Historisches Dokument: Die effektive Straßenreinigung ist in Österreichs Hauptstadt Wien schon lange ein Thema.
Historisches Dokument: Die effektive Straßenreinigung ist in Österreichs Hauptstadt Wien schon lange ein Thema.© Philip Artelt
Und 1945 heißt es: "Wer Müll auf Straßen und anderen Plätzen ... ablagert, wird zur Müll-Zwangsabfuhr auf vier Wochen herangezogen."
Die Maßregelung von Müllsündern oblag der Polizei. Doch die hatte meist anderes zu tun, als in Sachen Zigarettenkippen und Hundekot zu ermitteln.
Schließlich beschloss Wien vor etwa einem Jahrzehnt ein Maßnahmenpaket: Die Mülleimer wurden mit Signalfarben auffälliger gemacht. Aschenbecher in Zigarettenform wurden angebracht. Und Plastiktütenspender für Hundekot.

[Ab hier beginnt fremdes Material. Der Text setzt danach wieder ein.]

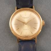 14kt gouden damespolshorloge, IWC, automaat, ronde kast, goudkleurige wijzerplaat, aan blauw lederen band, brutogewicht 23,2 gram, Ø 2,3 cm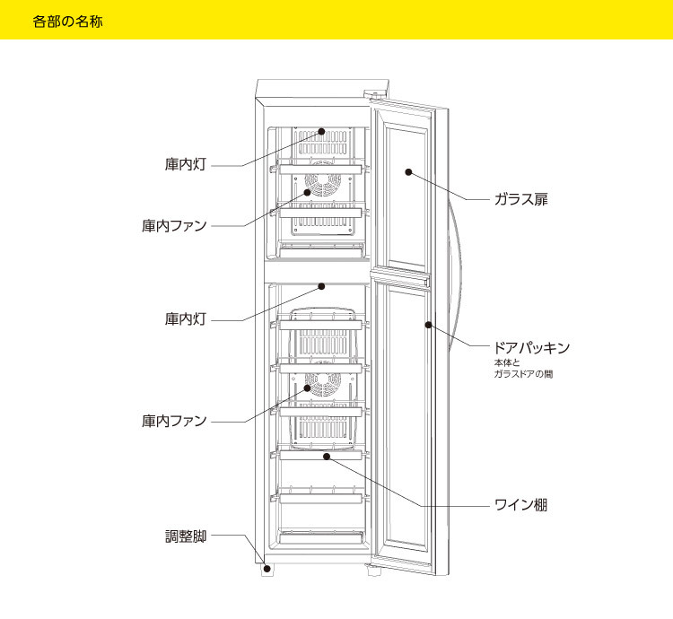 ● ガラス扉と本体の間に障害物がある、ワインボトルの位置が正常でない、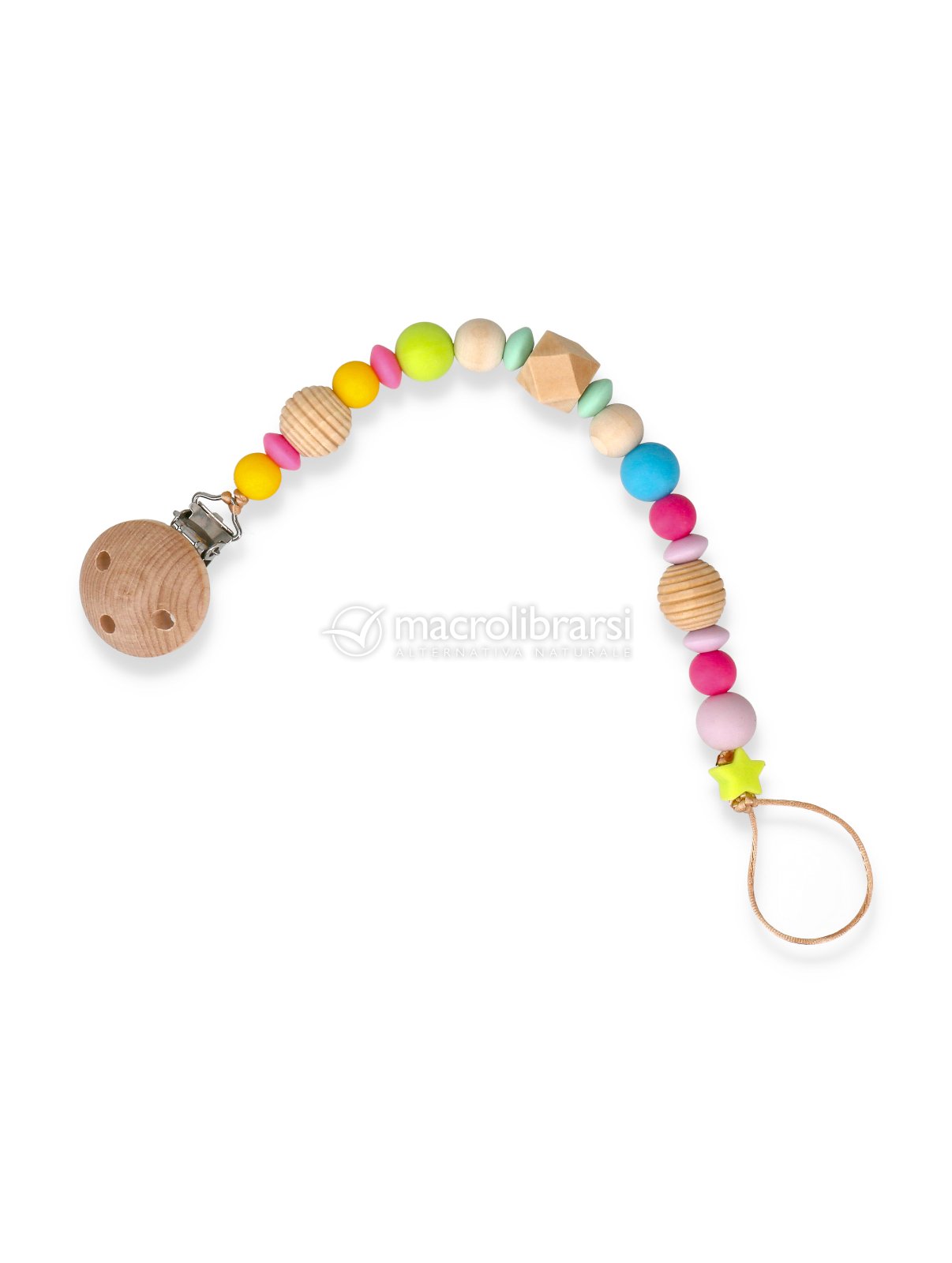È un accessorio indispensabile per evitare che ciuccio o succhietto cadano a terra sporcandosi o che vadano persi.

"Nimm ein Sackerl für mein Gackerl" – wohl jeder Wiener und viele Touristen kennen den Slogan gegen Hundedreck, den ein herziger Jack-Russell-Terrier auf Schildern in Parks und Grünflächen präsentiert. Und dann wurden noch die Waste Watcher auf die Straßen geschickt.

Singapur dient teilweise als Vorbild

"International bekannt war schon seit längerer Zeit, dass in Singapur sehr rigide Strafen für Verunreinigungen umgesetzt wurden, also das ging in Singapur bis hin zu Stockschlägen."
So weit gehen die Waste Watcher natürlich nicht. Sie haben gerade eine Frau ermahnt, die ihren Hund nicht an der Leine führte. Selbst die Gescholtene freut sich über den Einsatz der Waste Watcher und nutzt die Gelegenheit, um auf notorische Hundekotsünder hinzuweisen:
"Und da denken sie sich, wenn sie am Abend gehen, wenn sie niemand sieht, kann man das liegen lassen."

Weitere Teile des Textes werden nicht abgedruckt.